[RECORD SET]

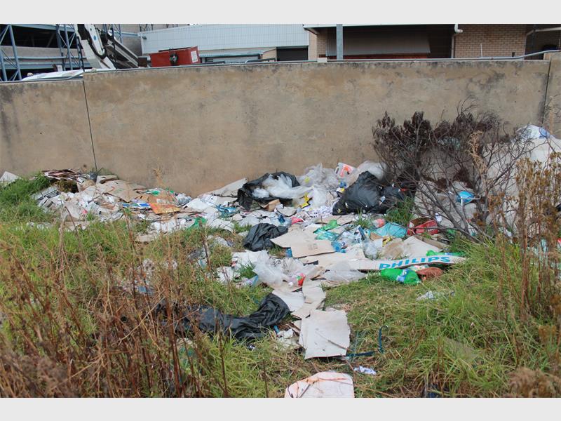 Dis nie net die feit dat die gras so lank laat staan is nie, maar ook die boumateriaal, vullis en weggooi-items wat in dié stukkie land onwettig gestort word, om nie eers die sluipslapers te noem nie. Die oop stuk grond se huidige toestand is ‘n belediging teenoor die enorme motorhandelaars aan weerskante, meen hy.
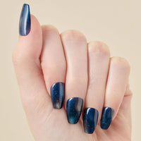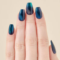 A deep space blend of teal, navy, and violet creates a smooth, shifting glow across every nail. Fine shimmer adds a soft starlit touch that catches light without overwhelming the color. The effect feels magnetic, modern, and effortlessly striking.
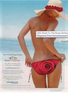 OK, back to the woman pulling off her bikini to promote racing… That ad has guaranteed that I will never sign up for twinspires.com (oddly, on their website, they proudly boast of their “integrity,” while showing a non-sexy woman with a big, festive hat, staring at an American flag).
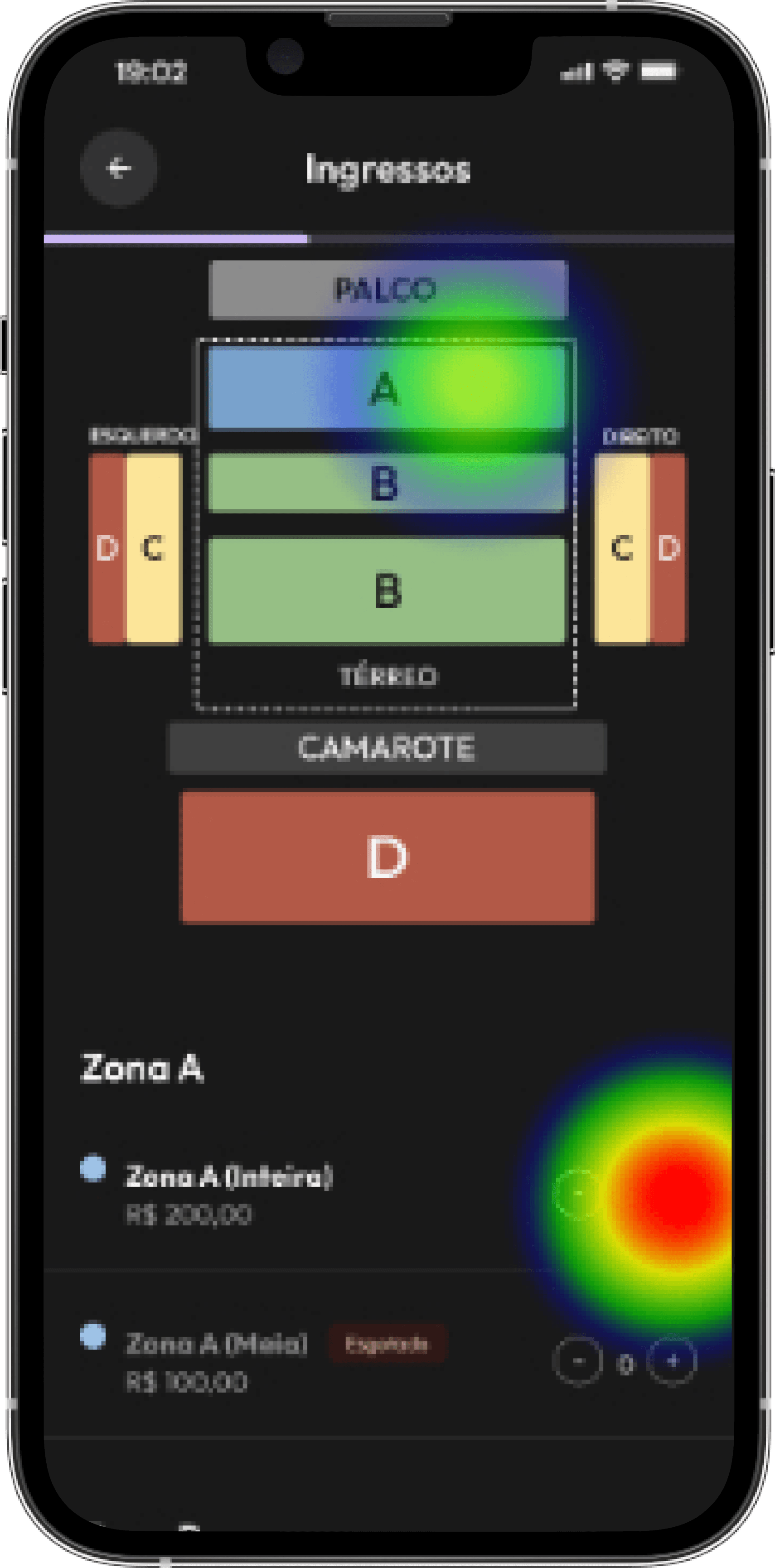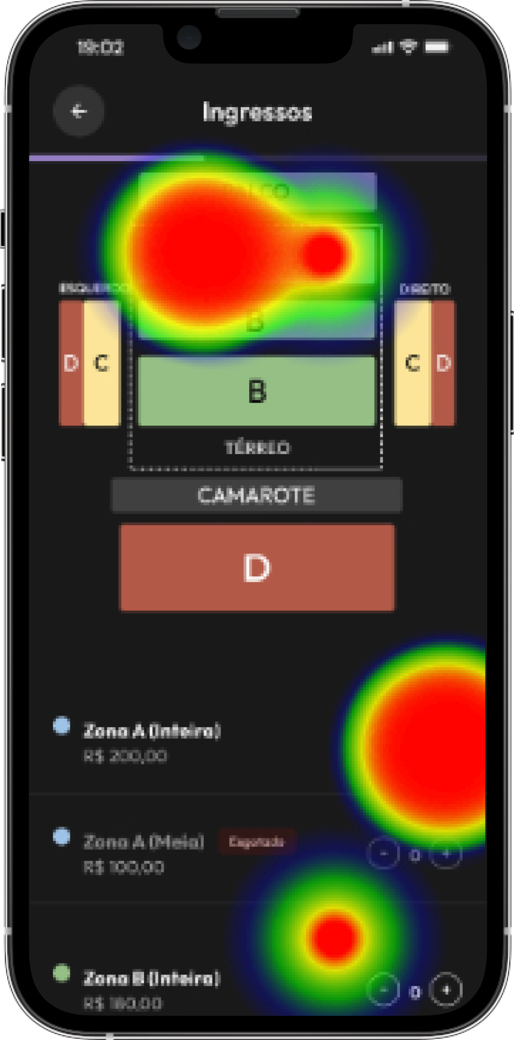 Escolha de ingressos: Alguns usuários clicavam na imagem ilustrativa dos setores achando que teria alguma ação, mas era um ponto cego;
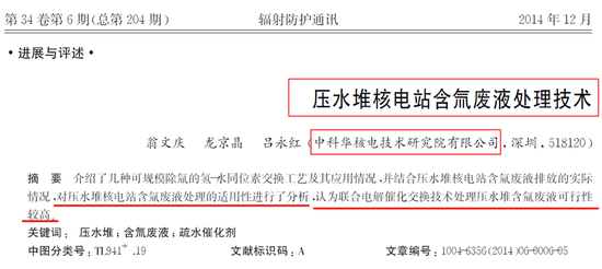 该文的署名作者是翁文庆、龙京晶和吕永红三位。值得关注的是,这三位作者均任职于中国广核(003816)旗下全资子公司中科华核电技术研究院有限公司(现已更名为“中广核研究院有限公司”)。由此可见,中国广核(003816)在国内含氚废水处理的技术方面,显然是处于绝对领先地位!
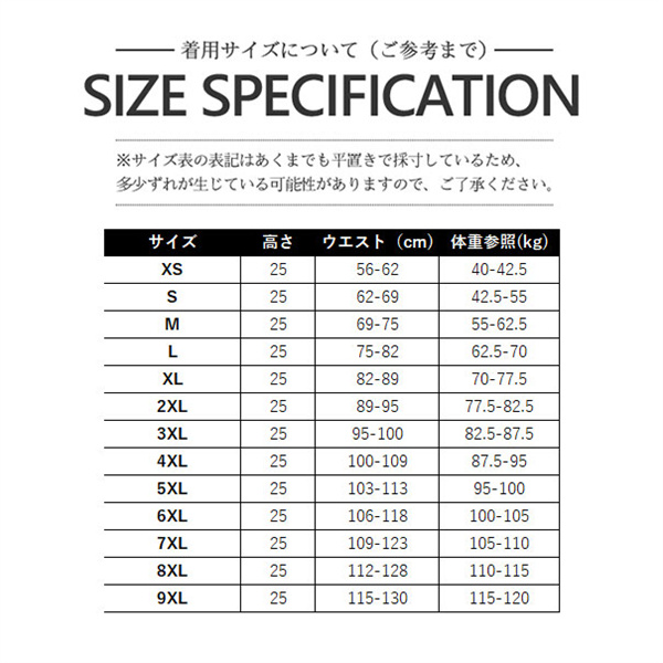 サイズ:/XS/S/M/L/XL/2XL/3XL/4XL/5XL/6XL/7XL/8XL/9XL
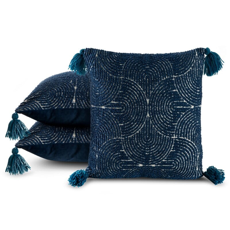 Poszewka dekoracyjna z pomponami szerokość: 45 cm, długość: 45 cm, kolor: granatowy, Gramatura: 340 GSM, Skład: 100% poliester

[/RECORD SET]

= TASK GOAL =
Please copy the data shown above precisely, leaving the images out.

= ANSWER TO THE PROBLEM =
 Dis nie net die feit dat die gras so lank laat staan is nie, maar ook die boumateriaal, vullis en weggooi-items wat in dié stukkie land onwettig gestort word, om nie eers die sluipslapers te noem nie. Die oop stuk grond se huidige toestand is ‘n belediging teenoor die enorme motorhandelaars aan weerskante, meen hy.
 A deep space blend of teal, navy, and violet creates a smooth, shifting glow across every nail. Fine shimmer adds a soft starlit touch that catches light without overwhelming the color. The effect feels magnetic, modern, and effortlessly striking.
 OK, back to the woman pulling off her bikini to promote racing… That ad has guaranteed that I will never sign up for twinspires.com (oddly, on their website, they proudly boast of their “integrity,” while showing a non-sexy woman with a big, festive hat, staring at an American flag).
 Escolha de ingressos: Alguns usuários clicavam na imagem ilustrativa dos setores achando que teria alguma ação, mas era um ponto cego;
 该文的署名作者是翁文庆、龙京晶和吕永红三位。值得关注的是,这三位作者均任职于中国广核(003816)旗下全资子公司中科华核电技术研究院有限公司(现已更名为“中广核研究院有限公司”)。由此可见,中国广核(003816)在国内含氚废水处理的技术方面,显然是处于绝对领先地位!
 サイズ:/XS/S/M/L/XL/2XL/3XL/4XL/5XL/6XL/7XL/8XL/9XL
 Poszewka dekoracyjna z pomponami szerokość: 45 cm, długość: 45 cm, kolor: granatowy, Gramatura: 340 GSM, Skład: 100% poliester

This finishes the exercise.